A California law gives insureds the right to have a Court independently review insurance company denials of policy benefits under the Employment Retirement Security Act (“ERISA”). This is a right which often does not exist in other states. This unique California law significantly improves the insured’s odds when challenging the denial of insurance benefits under ERISA.
When a disability or life insurance policy is issued as a group plan through an employer, unless the employer is the government or a church, the insurance policy is governed by ERISA. This has significant ramifications for an insured challenging a denial of policy benefits. A plan governed by ERISA has more limited remedies and is subject to federal court jurisdiction. In addition, to file suit over the denial of benefits under an ERISA plan, an insured must first exhaust administrative remedies, which means complying with the appeal procedures under the insurance plan.
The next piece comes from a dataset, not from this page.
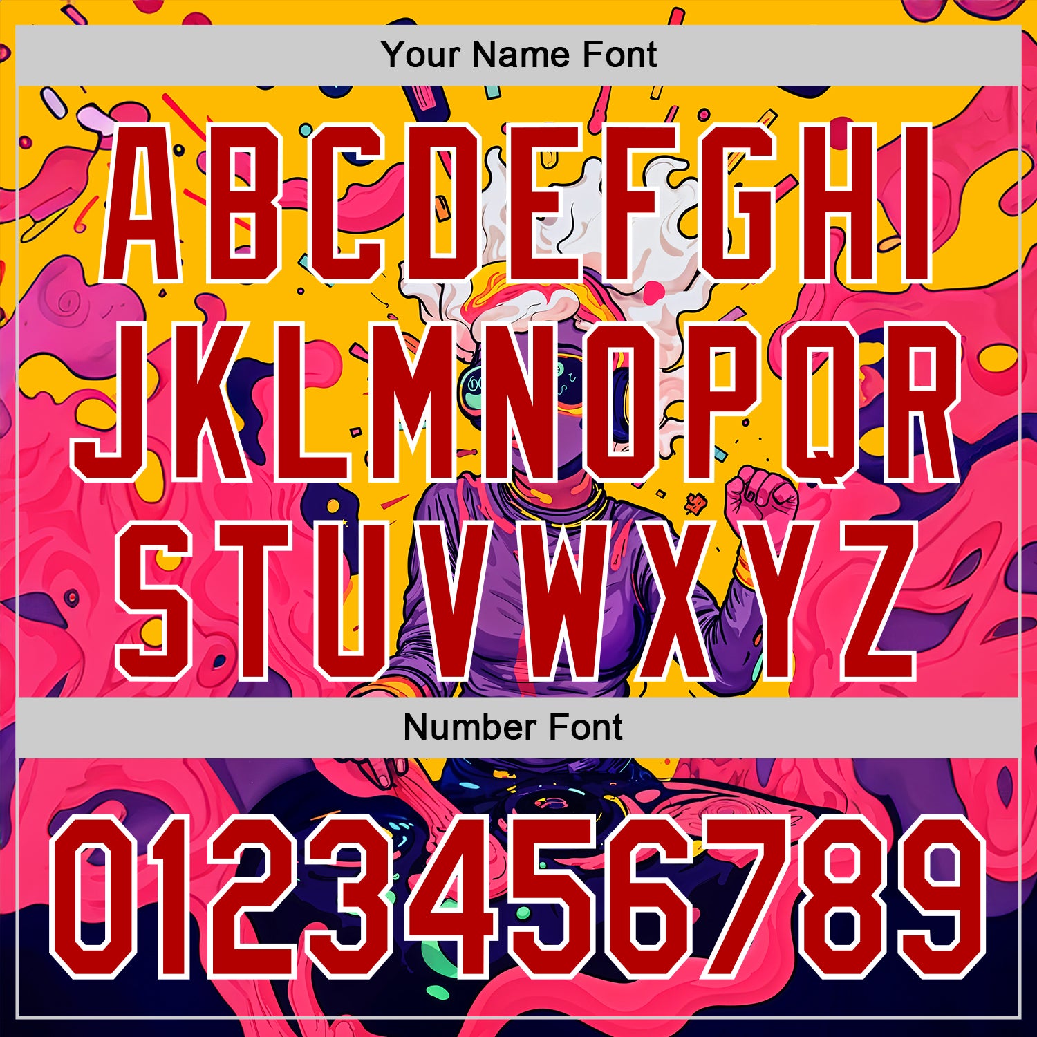 Custom Gold Red-White 3D Pattern Design Rave Party Trippy Disco Authentic Baseball Jersey
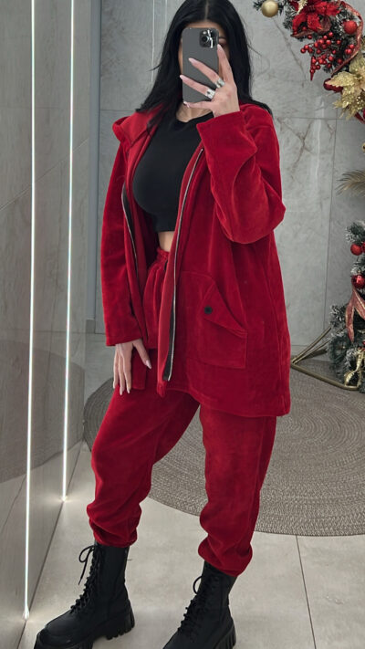 Κοτλέ φόρμα η ζακέτα κλείνει με φερμουάρ έχει κουκούλα και τσέπες το παντελόνι έχει τσέπες λάστιχο στη μέση και κορδόνι

Many insurance plans state that, when an insurance claim is denied by the insurance company, that denial can only be overturned by a Court if the decision was an abuse of the insurance company’s discretion. Abuse of discretion is the most lenient standard of review under the law. The abuse of discretion standard of review of insurance company denials under ERISA has historically imposed a significant hurdle to recovery of policy benefits under ERISA.
In California, however, there is a recent statute that makes discretionary review provisions in an insurance policy void. Thus, under California Insurance Code §10110.6(a), if life or disability coverage, including for an ERISA policy, “contains a provision that reserves discretionary authority to the insurer, or an agent of the insurer, . . . that provision is void and unenforceable.” (California Insurance Code §10110.6(a).)
The practical effect of this law is that an insurance company denial of benefits under ERISA is reviewed de novo by a Court in California under most circumstances. A de novo review standard means that the reviewing Court evaluates the record anew, and makes its own decision, without regard or deference to the insurance company’s decision.
A recent California federal district court case decided in October 2016, Murphy v. California Physicians Service (N.D. Cal. 2016) 2016 WL 5682567, illustrates the effect of California’s statute voiding discretionary review provisions under ERISA. Murphy involved a motion “to determine the standard or review” by the Court in California of an ERISA denial. (Id. at *1.) Analyzing section 10110.6, the Murphy Court stated that a “grant of discretion provision would be void” under the statute. (Id. at *5.) Murphy noted that “nearly every federal district courts” that has analyzed the issue held that discretionary clauses in an ERISA plan were voided by section 10110.6. (Id. at *6.) Murphy also held that section 10110.6 was not preempted by ERISA. (Id. at *8.)
California’s law prohibiting abuse of discretion provisions in ERISA policies is unique and recent. It provides California residents who are denied policy benefits under ERISA with a major advantage in challenging those denials and pursuing benefits.